ПРАГА---Грузия без Путина. Российские акции протеста привлекают к себе внимание и в Грузии, в которой помнят обидные высказывания Алексея Навального в 2008 году. О том, как сложное отношение к нему влияет на грузинские политические предпочтения в отношении России, и как вообще возможные российские изменения могут отразиться на Грузии, за Некруглым столом обсуждаем с политологом Гией Нодиа из Тбилиси и живущим в Берлине литературоведом и публицистом Заалом Андроникашвили.
– Гиа, в своей недавней статье вы писали, что выбор между (Владимиром) Путиным и (Алексеем) Навальным, – который надо сделать все-таки в пользу Навального, – это плохой выбор, но если я правильно вас понял, хорошего выбора вы от России и не ждете.
Гиа Нодиа: Данный конкретный текст касался, скорее, прагматических интересов Грузии: как в Грузии видят Россию в целом? Для Грузии важны Абхазия и Южная Осетия, важна интеграция с НАТО и Евросоюзом – это вопросы, которые определяют политические взгляды большинства грузин. И с этой конкретной точки зрения я не вижу, чтобы в России могло прийти к власти какое-нибудь правительство, которое радикально изменило бы позицию России в этом отношении. Скажем, отказалось от признания Абхазии и Южной Осетии, или сняло бы всякие претензии по поводу стремления Грузии в НАТО. В принципе, я не исключаю в теории, что такое возможно, но вероятность этого достаточно низкая. Мой пафос, так сказать, в том, что нельзя рассматривать политические вопросы так, что вот, есть добро, есть зло, они борются друг с другом. Всегда в политике есть относительное добро и относительное зло, то, что несколько лучше, и то, что несколько хуже. Так что в этом случае, несмотря на то, что Навальный, можно сказать, русский националист, это не означает, что мы не должны поддерживать его в его борьбе.

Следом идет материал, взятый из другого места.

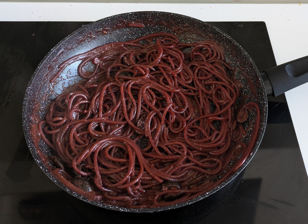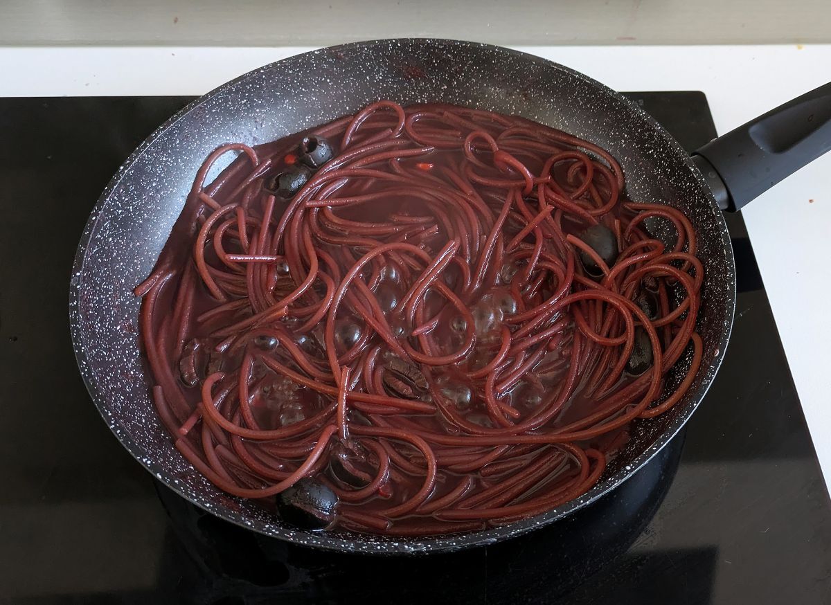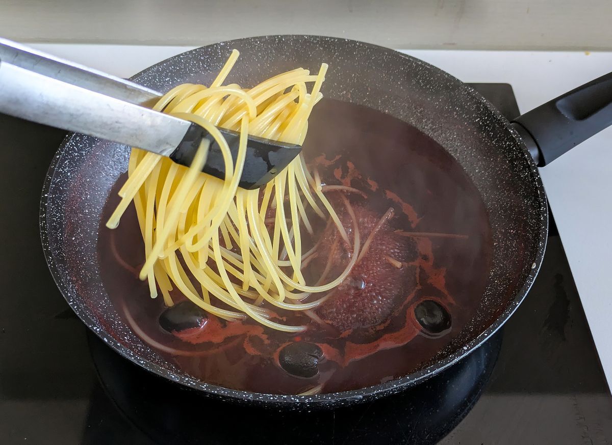 Gleich die Nudeln in die Pfanne mit dem Wein umgießen.

– Заал, вы тоже согласны с тем, что Грузии не приходится ждать ничего лучшего, чем выбора между имперским коррумпированным нынешним вариантом и националистическим?

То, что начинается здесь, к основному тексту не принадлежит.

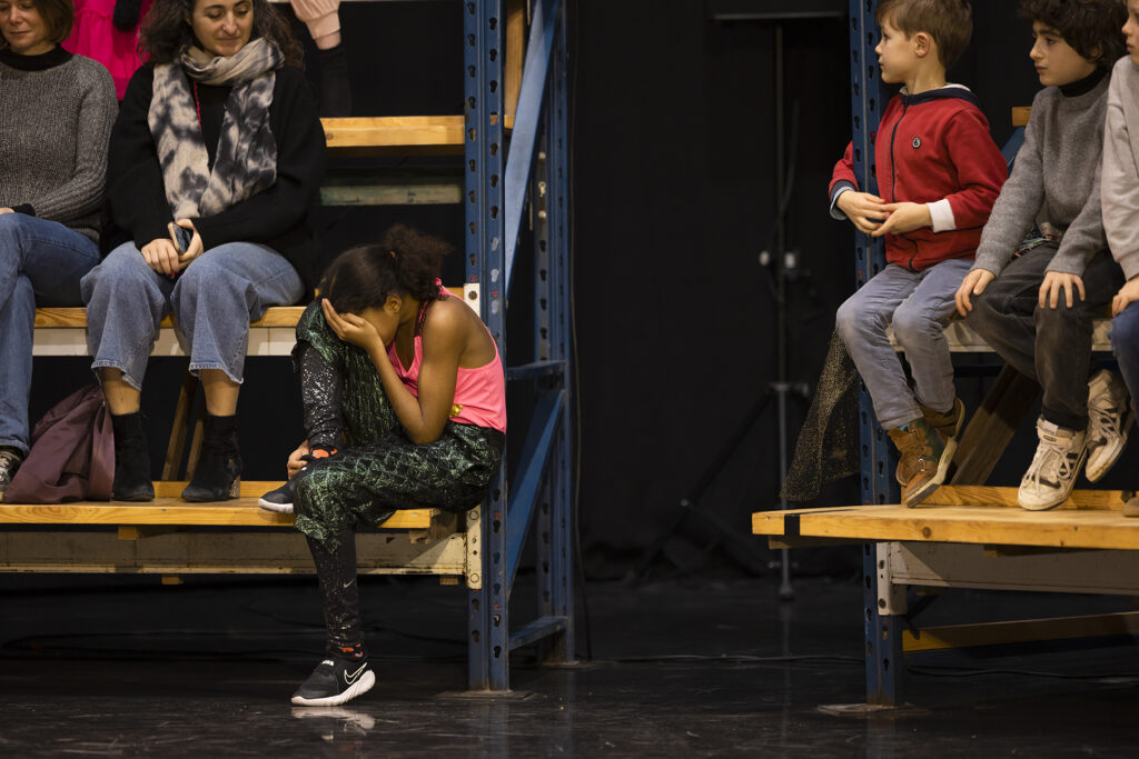 Het lijkt vooral in de blik van de volwassenen een interessant gebeuren te zijn. Het zijn dan misschien leeftijdgenootjes die het beste van zichzelf geven op de scène, het jonge publiek in de tribune lijkt er niet echt meteen door bevangen. Na het scanderen van een gedicht van Rilke dansen de kinderen opnieuw in groep en vol energie richting een climax. Terwijl ik en de andere volwassenen onder de indruk zijn van hoe professioneel en gedisciplineerd de jonge lichamen bewegen, blijkt het voor de jongeren in de zaal moeilijker om erbij te geraken. Het doet op zich geen afbreuk aan de voorstelling, maar maakt wel dat ik me afvraag of de voorstelling niet vooral door kinderen is, meer dan dat ze voor kinderen is. Dat het vooral wij grown ups zijn die zo gefascineerd zijn door al dat jeugdige geweld.

Заал Андроникашвили: Я бы хотел добавить к тому, что сказал Гиа, две вещи. Демократизация России, конечно, в общих интересах, в том числе в интересах Грузии и Европы, потому что с более демократической Россией выстраивать отношения будет легче и более предсказуемо. Т.е. я, в принципе, согласен с Гией в том, что просто так симпатизировать кому-то, за красивые глаза или гражданское мужество, можно, но это мало связано с политикой. Другая проблема (это уже грузинская проблема) в том, что у Грузии, – я думаю, Гиа со мной согласится, – практически нет российской политики. Мы абсолютно пассивны в этом смысле и реактивны, т.е. Грузия только реагирует на какие-то импульсы, которые идут из России. И я думаю, было бы, наверное, неплохо на каком-то политическом уровне встретиться с Навальным, поговорить, понять, о чем он думает и т.д. А вот этого ничего не делается, и мы просто сидим все и рассуждаем, будет это хорошо или будет плохо? Как «завтра будет хорошая погода?» – «если у Навального что-то получится в России – это хорошо или плохо для Грузии?» Но активно ничего не делается. Я думаю, имеет смысл наладить какие-то контакты с российской оппозицией, начать какие-то переговоры, но, по крайней мере, ни на правительственном уровне, насколько я знаю, ни на уровне оппозиции этого не делается.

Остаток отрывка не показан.